What is required: When you reach a picture, pass over it; otherwise repeat the listing word for word.

*** Dataset excerpt ***

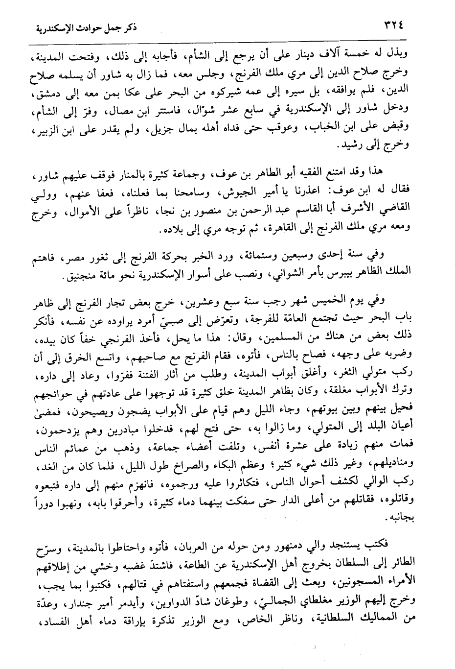 وفي يوم الخميس شهر رجب سنة سبع وعشرين، خرج بعض تجار الفرنج إلى ظاهر باب البحر حيث تجتمع العامّة للفرجة، وتعرّض إلى صبيّ أمرد يراوده عن نفسه، فأنكر ذلك بعض من هناك من المسلمين، وقال: هذا ما يحل، فأخذ الفرنجي خفا كان بيده، وضربه على وجهه، فصاح بالناس، فأتوه، فقام الفرنج مع صاحبهم، واتسع الخرق إلى أن ركب متولي الثغر، وأغلق أبواب المدينة، وطلب من أثار الفتنة ففرّوا، وعاد إلى داره، وترك الأبواب مغلقة، وكان بظاهر المدينة خلق كثيرة قد توجهوا على عادتهم في حوائجهم فحيل بينهم وبين بيوتهم، وجاء الليل وهم قيام على الأبواب يضجون ويصيحون، فمضى أعيان البلد إلى المتولي، وما زالوا به، حتى فتح لهم، فدخلوا مبادرين وهم يزدحمون، فمات منهم زيادة على عشرة أنفس، وتلفت أعضاء جماعة، وذهب من عمائم الناس ومناديلهم، وغير ذلك شيء كثير؛ وعظم البكاء والصراخ طول الليل، فلما كان من الغد، ركب الوالي لكشف أحوال الناس، فتكاثروا عليه ورجموه، فانهزم منهم إلى داره فتبعوه وقاتلوه، فقاتلهم من أعلى الدار حتى سفكت بينهما دماء كثيرة، وأحرقوا بابه، ونهبوا دورا بجانبه.
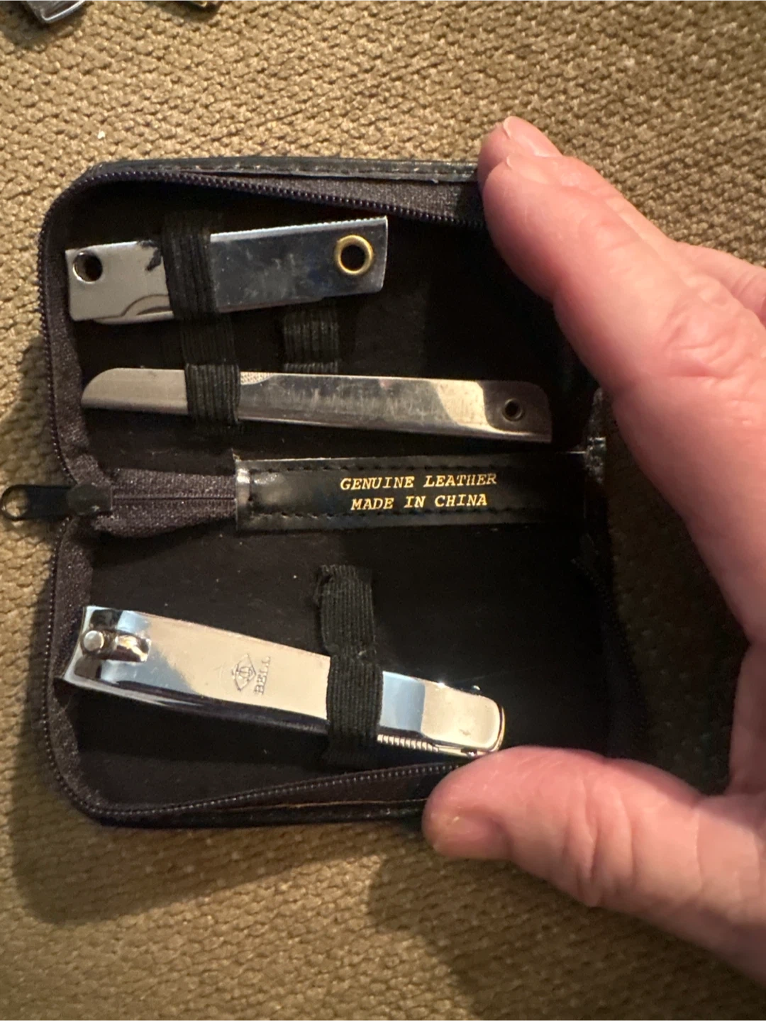 This manicure set comes in a genuine leather case. It includes nail clippers, a file, and other grooming tools. A handy travel kit for keeping nails tidy!
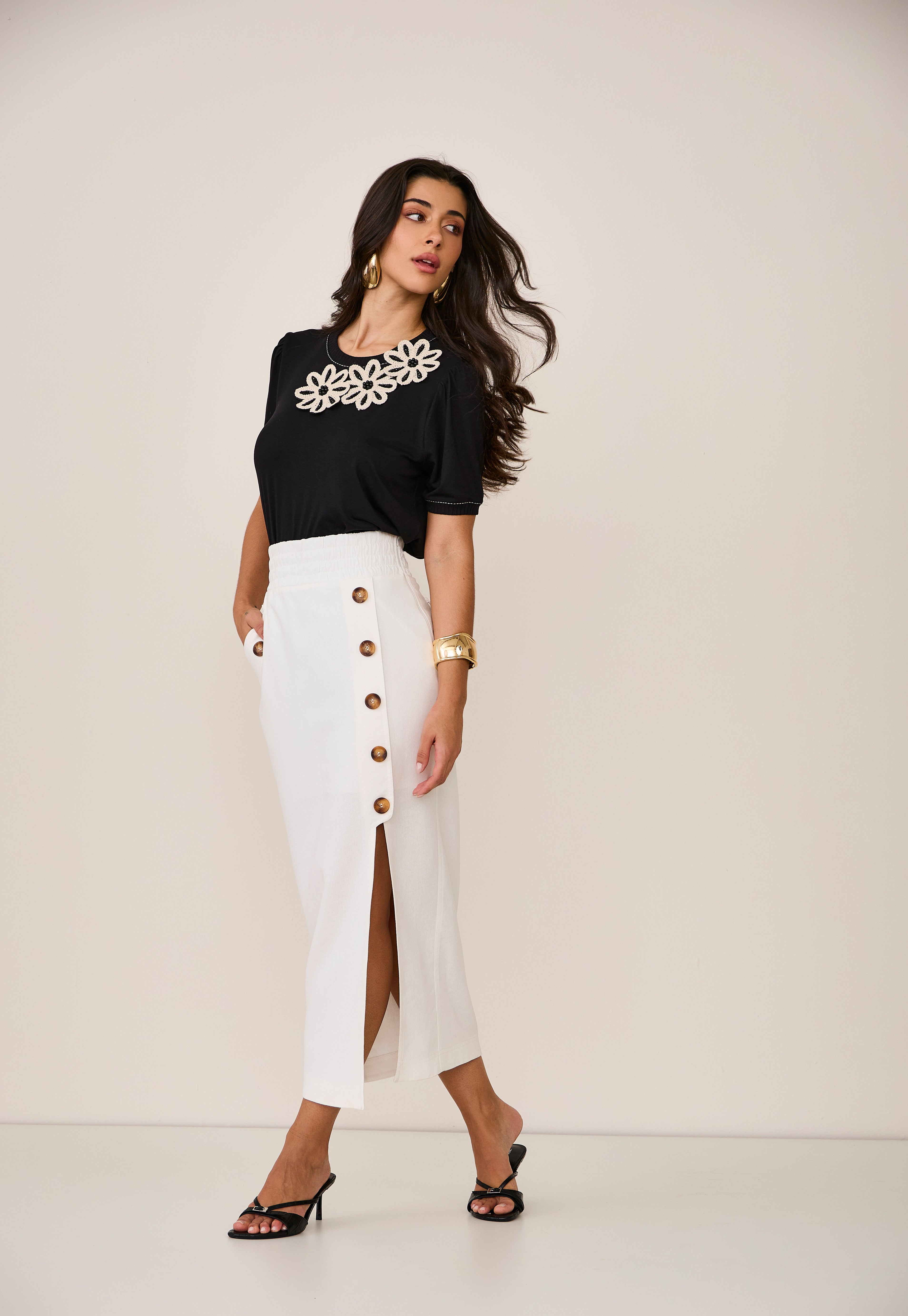 Saia Viviana — elegante e atemporal, a peça midi em tom off white se destaca pelos botões de madeira e pelo bolso lateral que adicionam charme e praticidade ao design. A fenda lateral traz um toque de leveza e movimento, resultando em uma saia sofisticada, perfeita para composições modernas e cheias de estilo.

***

Your solution:
 وفي يوم الخميس شهر رجب سنة سبع وعشرين، خرج بعض تجار الفرنج إلى ظاهر باب البحر حيث تجتمع العامّة للفرجة، وتعرّض إلى صبيّ أمرد يراوده عن نفسه، فأنكر ذلك بعض من هناك من المسلمين، وقال: هذا ما يحل، فأخذ الفرنجي خفا كان بيده، وضربه على وجهه، فصاح بالناس، فأتوه، فقام الفرنج مع صاحبهم، واتسع الخرق إلى أن ركب متولي الثغر، وأغلق أبواب المدينة، وطلب من أثار الفتنة ففرّوا، وعاد إلى داره، وترك الأبواب مغلقة، وكان بظاهر المدينة خلق كثيرة قد توجهوا على عادتهم في حوائجهم فحيل بينهم وبين بيوتهم، وجاء الليل وهم قيام على الأبواب يضجون ويصيحون، فمضى أعيان البلد إلى المتولي، وما زالوا به، حتى فتح لهم، فدخلوا مبادرين وهم يزدحمون، فمات منهم زيادة على عشرة أنفس، وتلفت أعضاء جماعة، وذهب من عمائم الناس ومناديلهم، وغير ذلك شيء كثير؛ وعظم البكاء والصراخ طول الليل، فلما كان من الغد، ركب الوالي لكشف أحوال الناس، فتكاثروا عليه ورجموه، فانهزم منهم إلى داره فتبعوه وقاتلوه، فقاتلهم من أعلى الدار حتى سفكت بينهما دماء كثيرة، وأحرقوا بابه، ونهبوا دورا بجانبه.
 This manicure set comes in a genuine leather case. It includes nail clippers, a file, and other grooming tools. A handy travel kit for keeping nails tidy!
 Saia Viviana — elegante e atemporal, a peça midi em tom off white se destaca pelos botões de madeira e pelo bolso lateral que adicionam charme e praticidade ao design. A fenda lateral traz um toque de leveza e movimento, resultando em uma saia sofisticada, perfeita para composições modernas e cheias de estilo.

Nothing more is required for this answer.